Czech First League
- Season: 2007–08
- Champions: Slavia Prague
- Relegated: Bohemians 1905 Most
- Champions League: Slavia Prague Sparta Prague
- UEFA Cup: Baník Ostrava Liberec (via Domestic Cup)
- Intertoto Cup: Teplice
- Matches: 240
- Goals: 556 (2.32 per match)
- Top goalscorer: Václav Svěrkoš (15)
- Biggest home win: Slavia Prague 7–1 Zlín
- Biggest away win: Most 0–5 Sparta Prague
- Highest scoring: Slavia Prague 7–1 Zlín Plzeň 6–2 Most
- Highest attendance: 20,698 Slavia Prague 2–2 Jablonec (17 May 2008)
- Lowest attendance: 1,050 Jablonec 1–0 Teplice (9 December 2007)
- Average attendance: 5,156

= 2007–08 Czech First League =

15th season of top-tier football league in Czech Republic

The 2007–08 Czech First League, known as the Gambrinus liga for sponsorship reasons, was the fifteenth season of Czech Republic's top-tier of football.

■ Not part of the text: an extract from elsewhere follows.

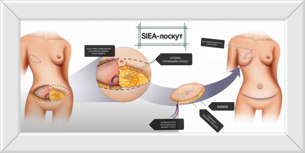 SIEA-лоскут имеет более мелкие сосуды, которые подвергают лоскут высокому риску ишемии и некроза, но, благодаря разработанным в нашем центре и запатентованным методикам его перемещения, нашим специалистам удалось свести к минимуму все возможные риски.

The season started on 4 August 2007 and concluded on 17 May 2008.

==Teams==
Příbram and Slovácko were relegated to the second division after finishing last and second to last, respectively, in the 2006–07 season.

Viktoria Žižkov (as champions) and Bohemians 1905 (as runners-up) were promoted from the second division.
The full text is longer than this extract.